Description Dan Yocum 2009-06-10 21:17:46 UTC
Description of problem:

After setting a real server to active = 0 and weight = 0 and reloading pulse, <perform some work on the RS>, set active = 1 and weight = 3 and reloading pulse, lvsd first creates the monitor for the process, which dies for some strange reason, then proceeds to shutdown *all* virtual services!! 
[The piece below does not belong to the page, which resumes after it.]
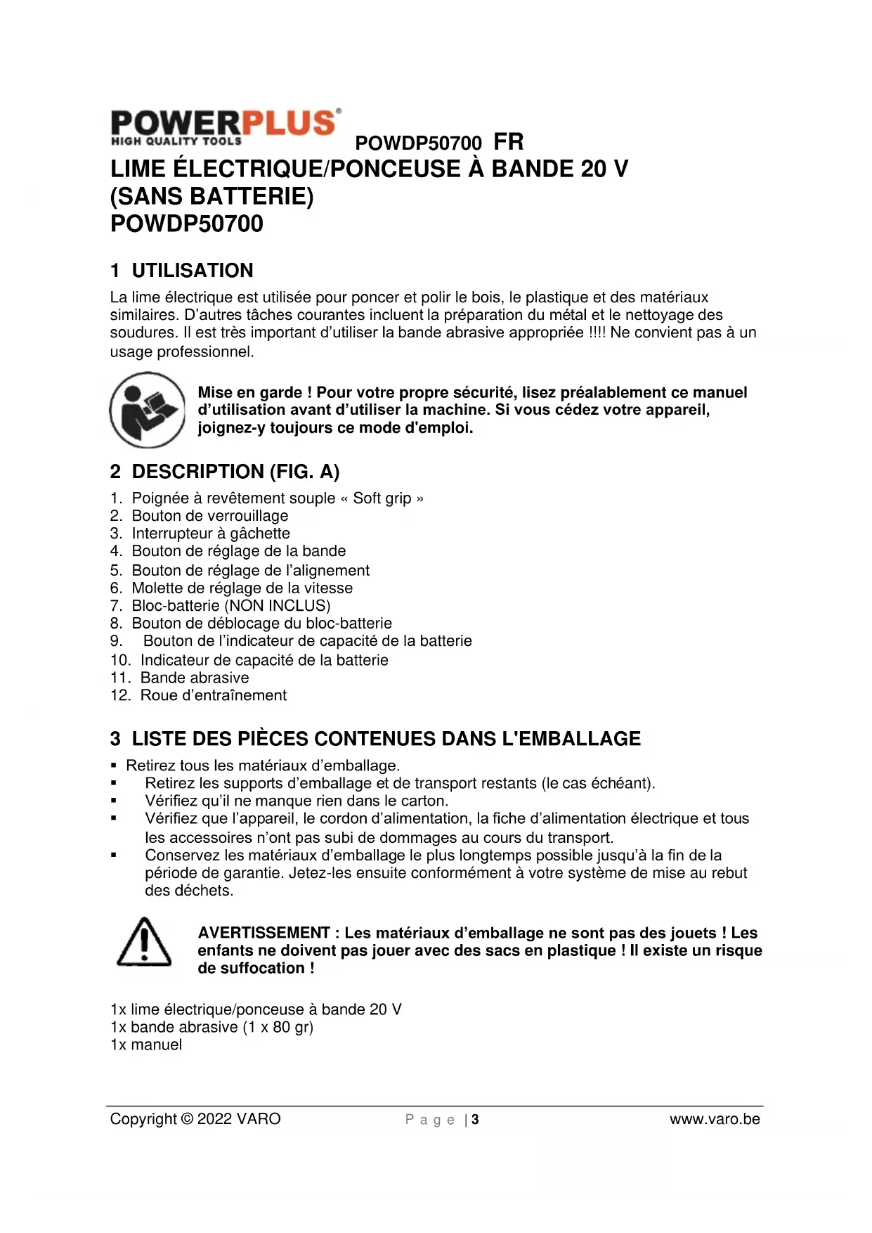 VARO – Vic. Van Rompuy N.V. - Joseph Van Instraat 9 - BE2500 Lier - BELGIQUE, déclare que : Appareil : Lime électrique/ponceuse à bande 20 V – Fonctionnant sur batterie Marque : PowerPlus Modèle : POWDP50700 est en conformité avec les exigences essentielles et les autres dispositions pertinentes des Directives européennes applicables, basées sur l'application des normes européennes harmonisées. Toute modification non autorisée de l'appareil annule cette déclaration. Directives européennes (y compris, le cas échéant, leurs amendements à la date de la signature) : 2011/65/EU 2006/42/EC 2014/30/EU Normes européennes harmonisées (y compris, le cas échéant, leurs amendements à la date de la signature) : EN62841-1 : 2015 EN62841-2-4 : 2014 EN55014-1 : 2017 EN55014-2 : 2015 Détenteur de la Documentation technique : Philippe Vankerkhove, VARO – Vic. Van Rompuy N.V. Le soussigné agit au nom du PDG de l'entreprise, Ludo Mertens Certification Manager 01/10/2021, Lier - BelgiumPOWDP50700 EN Copyright © 2022 VARO P a g e | 1 www.varo.com 1 APPLICATION ...................................................................................... 3

Version-Release number of selected component (if applicable):

piranha-0.8.4-9.3.el5 and piranha-0.8.4-11.el5



How reproducible:

always

Steps to Reproduce:
1. configure lvs.cf with a service on a new real server
2. make sure the service is NOT running on the real server
3. service pulse reload; tail -f /var/log/messages
4. PANIC!
  
Actual results:

lvs[19604]: rereading configuration file
lvs[19604]: create_monitor for saz-admin:8443/fg5x3 running as pid 31729
lvs[19604]: create_monitor for saz-admin:8443/fg6x3 running as pid 31730
lvs[19604]: nanny for child saz-admin:8443/fg5x3 died! shutting down lvs
lvs[19604]: shutting down virtual service MYSQL:3306
lvs[19604]: shutting down virtual service SAZ:8888
lvs[19604]: shutting down virtual service SAZ:8881
lvs[19604]: shutting down virtual service SAZ:8882
lvs[19604]: shutting down virtual service voms:8443
lvs[19604]: shutting down virtual service voms-osg:8443
lvs[19604]: shutting down virtual service gums:8443
nanny[19614]: Terminating due to signal 15
nanny[19617]: Terminating due to signal 15
nanny[19622]: Terminating due to signal 15
nanny[19644]: Terminating due to signal 15
nanny[19645]: Terminating due to signal 15
nanny[19647]: Terminating due to signal 15


Expected results:

lvs[18998]: rereading configuration file
lvs[18998]: starting virtual service saz-admin:8450 active: 8450
lvs[18998]: create_monitor for saz-admin:8450/fgt6x6 running as pid 10673
nanny[10673]: starting LVS client monitor for 131.225.81.155:8450
nanny[10673]: [ active ] making 131.225.81.131:8450 available


Additional info:

Comment 1 J. Kost 2009-06-23 08:13:37 UTC
Created attachment 349055 [details]
Small patch that prevents the complete shutdown after a nanny error

Small patch that prevents the complete lvsd shutdown after a nanny error

Comment 8 David Jacobson 2011-04-14 17:06:23 UTC
Hi,

Running the following :

CentOS 5.3
piranha-0.8.4-19.el5
ipvsadm-1.24-12.el5

We have just been hit by this bug, see logs below:

Apr 14 17:55:18 serverhostname nanny[15067]: [inactive] shutting down 196.x.x.x:25 due to connection failure
Apr 14 17:56:47 serverhostname nanny[20959]: [inactive] shutting down 196.x.x.x:25 due to connection failure
Apr 14 17:56:47 serverhostname nanny[20959]: /sbin/ipvsadm command failed!
Apr 14 17:56:47 serverhostname lvs[20911]: nanny died! shutting down lvs
Apr 14 17:56:47 serverhostname lvs[20911]: shutting down virtual service balancer

Similarly, the problem occured when trying to restart pulse from trying to bring up the nanny process twice incorrectly :

Apr 14 17:59:18 serverhostname nanny[15067]: [ active ] making 196.x.x.x:25 available
Apr 14 17:59:53 serverhostname nanny[22170]: [ active ] making 196.x.x.x:25 available
Apr 14 17:59:53 serverhostname nanny[22170]: /sbin/ipvsadm command failed!
Apr 14 17:59:53 serverhostname lvs[22111]: nanny died! shutting down lvs
Apr 14 17:59:53 serverhostname lvs[22111]: shutting down virtual service balancer

From what I can see the root cause of the issue is that it tries to shutdown the connection twice, if it just did it once all would be fine.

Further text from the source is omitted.